Tagliatelle with bottarga, clams, and lemon

This dish combines sea flavors with a citrus touch, creating an elegant and tasty balance. Here is the recipe for tagliatelle with bottarga, clams, and lemon.

Ingredients

  • 320 g of fresh tagliatelle
  • 500 g of true clams
  • 1 lemon (grated zest and juice)
  • 80 g of mullet roe (bottarga)
  • 2 cloves of garlic
  • Fresh parsley to taste
  • Red chili pepper to taste (optional)
  • 4 tablespoons of extra virgin olive oil
  • Salt to taste
  • Black pepper to taste

Preparation

  1. Start by cleaning the clams, putting them in a bowl with salted water for about an hour so that they lose their sand. Afterward, rinse them under running tap water.

  2. In a large pan, heat up the extra virgin olive oil with the peeled garlic cloves. If you like, you can also add a bit of red chili pepper to give a spicy note to the dish.

  3. Add the drained clams and cover the pan. Let cook for about 5-10 minutes or until all the clams have opened.

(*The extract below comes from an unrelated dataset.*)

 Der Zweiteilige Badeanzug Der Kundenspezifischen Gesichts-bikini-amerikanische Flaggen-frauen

Discard any that remained closed.

  4. Meanwhile, bring a pot of generously salted water to a boil and cook the tagliatelle following the packet instructions until al dente.

  5. While the tagliatelle are cooking, remove some of the clams from their shells, leaving some whole for the final presentation.

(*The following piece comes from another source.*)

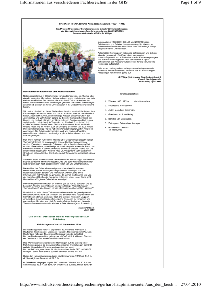 Informationen aus verschiedenen Fachbereichen in der GHS Page 1 of 9 Griesheim im der Zeit des Nationalsozialismus (1933 -- 1945) Ein Projekt Griesheimer Schülerinnen und Schüler (Gymnasialklassen) der Gerhart-Hauptmann-Schule in den Jahren 2000/2005/2009 Betreuende Leiterin: OStR'n B. Willige In den Jahren 1999/2000, 2004/05 und 2008/09 haben Schülerinnen und Schüler der gymnasialen 10. Klassen im Rahmen des Geschichtsunterrichtes der OStR´n Birgit Willige Projektarbeit vor Ort betrieben. Aufgeteilt in Kleingruppen haben die Schülerinnen und Schüler Material gesammelt. Die Ergebnisse wurden dann zusammengestellt und in Referaten vor der Klasse vorgetragen und auf Plakaten dargestellt. Von der Internet-AG (je 4 SchülerInnen der Klassen) wurden Texte für die schuleigene Homepage aufbereitet. Falls in der umfangreichen vorliegenden Arbeit gravierende inhaltliche Fehler unterliefen, bitten wir das zu entschuldigen. Anregungen nehmen wir gerne auf. B.Willige (betreuende Geschichtslehrerin) E-mail: [email protected] Griesheim, April 2009 Bericht über die Recherchen und Arbeitsmethoden Inhaltsverzeichnis: Nationalsozialismus in Griesheim ist, verständlicherweise, ein Thema, über das die wenigsten Menschen, die hier wohnen gerne nachdenken oder sich darüber unterhalten. Die meisten, die von dieser Zeit erzählen konnten, haben damals schreckliche Erfahrungen gemacht. Sie haben Erinnerungen gesammelt, die sich bis heute unvergesslich in ihr Gedächtnis eingebrannt haben. Wir danken deshalb an dieser Stelle allen, die sich bereit erklärt haben, ihre Erinnerungen mit uns zu teilen und uns zu erzählen, was sie damals erlebt haben. Aber nicht nur wir, auch damalige Klassen dieser Schule in den Jahren 2000 und 2005 haben bereits zu diesem Thema recherchiert. Wir können uns deshalb glücklich schätzen auf zehn Berichte von Zeitzeugen zurückgreifen zu können (die Texte sind im Abschnitt 6 zu finden). Ich möchte in diesem Bericht einen Eindruck über unsere Arbeit vermitteln. Unsere Arbeit fing im Herbst 2008 an und ging bis in den Mai 2009 hinein. Dieses mehrmonatige Projekt hat einen Großteil unserer Zeit in Anspruch genommen. Die Arbeitsweise hat sich stark von anderen Projekten unterschieden, bei denen meist einige kopierte Informationen aus dem Internet genügen. 1. Wahlen 1930 / 1933 - Machtübernahme 2. Widerstand in Griesheim 3. Juden in und um Griesheim 4. Griesheim im 2. Weltkrieg 5. Berichte von Zeitzeugen 6. Zeitungen / Griesheimer Anzeiger 7. Buchenwald - Besuch im März 2009 Man findet nämlich nur schwer Material über Griesheim zu diesem heiklen Thema im Internet, es mussten also andere Quellen herangezogen werden. Eine davon waren die Zeitzeugen, die ja bereits oben erwähnt wurden. Eine andere, zuverlässige Informationsquelle waren die Stadt- und Bibliotheksarchive, in denen zahlreiche Bücher zu diesem Thema von uns gelesen und ausgewertet wurden. Frau Dr. Wagemann vom Stadtarchiv Griesheim hat uns hier bei der Suche nach Informationen unterstützt, vielen Dank! An dieser Stelle ein besonderes Dankeschön an Herrn Knapp, der mehrere Bücher zu diesem Thema verfasst hat, die uns sehr weitergeholfen haben und der sich auch noch persönlich mit vielen von uns unterhalten hat. Die Archive des Griesheim-Anzeigers wurden ebenfalls von uns durchkämmt, da zur damaligen Zeit jedoch die Zeitungen von den Nationalsozialisten zensiert und manipuliert wurden, sind diese Informationen mit Vorsicht zu genießen, da schnell ein falsches Bild von der damaligen Situation in Griesheim entstehen kann. Unser Dank geht hier an Herrn Vogt vom Griesheimer Anzeiger! Diesen ungeordneten Haufen an Material galt es nun zu sortieren und zu bewerten. Welche Informationen sind zuverlässig? Was ist für unser Thema relevant? Wie können wir die Informationen übersichtlich gliedern? Um ehrlich zu sein, dieser Teil unserer Arbeit war der langwierigste und unspektakulärste, denn das Gliedern und Sortieren fand hauptsächlich am Schreibtisch oder am Computer statt. Die Schüler wurden in Gruppen eingeteilt um die Arbeitszeiten für einzelne Personen zu verkürzen und nach einigen Monaten war die Informationsflut gebändigt und die ersten Texte daraus entstanden (die alle hier auf der Homepage zu finden sind). Marco Portisch, April 2009 Griesheim - Deutsches Reich: Wahlergebnisse zum Reichstag Reichstagswahl am 14. September 1930 Die Reichstagswahl vom 14. September 1930 war die Wahl zum 5. Deutschen Reichstag der Weimarer Republik. Reichspräsident Paul von Hindenburg hatte am 18. Juli den Reichstag vorzeitig aufgelöst. Bei den Reichstagswahlen gelang der NSDAP mit 6,4 Millionen Stimmen der Durchbruch: Sie wurde zweitstärkste Fraktion. Das Wahlergebnis erweckte keine Hoffnungen auf die Bildung einer Mehrheitsregierung, da die wirtschaftspolitischen Vorstellungen der SPD und der bürgerlichen Parteien weit auseinander lagen. Bei der Reichstagswahl vom 14. September konnte die SPD mit 26.9 % vorlegen. Somit hatte sie 6.9 % mehr Stimmen als die NSDAP. Hinter den Nationalsozialisten lagen die Kommunisten (KPD) mit 14.4 %, dicht gefolgt vom Zentrum mit 12.8 %. In Griesheim hingegen lag die SPD mit einer Differenz von 30.3 % der Stimmen also 43.8 % vor der KPD, welche 13.5 % hatte. Hinter der KPD http://www.schulserver.hessen.de/griesheim/gerhart-hauptmann/seiten/aus_den_faech... 27.04.2010 Informationen aus verschiedenen Fachbereichen in der GHS Page 2 of 9 befand sich die NSDAP mit nur 9.9 %. Reichstagswahl 1933 Die Reichstagswahl am 5. März 1933 war die Wahl zum 8. Deutschen Reichstag in der Weimarer Republik. Sie war die letzte Reichstagswahl, an der mehr als eine Partei teilnahm, und stand bereits unter dem Eindruck des NS-Regimes. Die Wahl fand gut fünf Wochen nach der sogenannten Machtergreifung Adolf Hitlers, d. h. seiner Ernennung zum Reichskanzler am 30. Januar 1933 statt. Die NSDAP wurde mit einem Stimmengewinn von über fünf Millionen mit 17,2 Millionen Stimmen (43,8 %) stärkste Par

  6. Grate the lemon zest and squeeze the juice, being careful not to include the white part of the peel, which could make the dish bitter.

  7. When the tagliatelle are ready, drain them and add them to the pan with the clams, along with a bit of the pasta cooking water to bind the sauce.

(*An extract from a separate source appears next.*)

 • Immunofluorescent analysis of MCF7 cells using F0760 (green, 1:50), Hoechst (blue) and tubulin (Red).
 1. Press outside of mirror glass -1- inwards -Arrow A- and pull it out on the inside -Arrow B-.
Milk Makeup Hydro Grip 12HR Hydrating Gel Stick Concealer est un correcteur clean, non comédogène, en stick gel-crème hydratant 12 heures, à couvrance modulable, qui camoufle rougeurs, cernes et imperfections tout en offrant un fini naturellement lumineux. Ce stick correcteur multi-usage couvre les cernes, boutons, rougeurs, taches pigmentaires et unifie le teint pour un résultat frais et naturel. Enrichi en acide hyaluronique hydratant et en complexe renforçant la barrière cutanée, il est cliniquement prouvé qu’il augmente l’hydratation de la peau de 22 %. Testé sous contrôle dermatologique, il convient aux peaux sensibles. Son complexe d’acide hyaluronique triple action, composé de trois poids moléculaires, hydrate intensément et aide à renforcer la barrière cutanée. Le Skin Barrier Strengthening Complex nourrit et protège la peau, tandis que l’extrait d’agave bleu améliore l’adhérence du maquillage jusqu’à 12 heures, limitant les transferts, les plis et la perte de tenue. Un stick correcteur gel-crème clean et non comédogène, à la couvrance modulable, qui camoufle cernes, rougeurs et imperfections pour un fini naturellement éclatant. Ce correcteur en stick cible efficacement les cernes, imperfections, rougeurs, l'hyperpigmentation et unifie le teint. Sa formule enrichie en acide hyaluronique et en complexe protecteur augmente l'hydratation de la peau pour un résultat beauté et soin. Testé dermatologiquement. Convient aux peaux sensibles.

  8. Add the grated bottarga, lemon zest, and juice. Mix well to blend all the flavors.

  9. Plate the tagliatelle garnishing with a little chopped fresh parsley and, if desired, a grind of black pepper.

  10. Serve immediately, garnishing the plates with the whole clams set aside earlier and an additional touch of grated bottarga.

Curiosity

Mullet roe bottarga, typical of some Italian coastal areas, especially Sardinia, is a high-cuisine ingredient. It consists of salted and dried mullet eggs; it gives the dishes a distinct and intensifying sea flavor.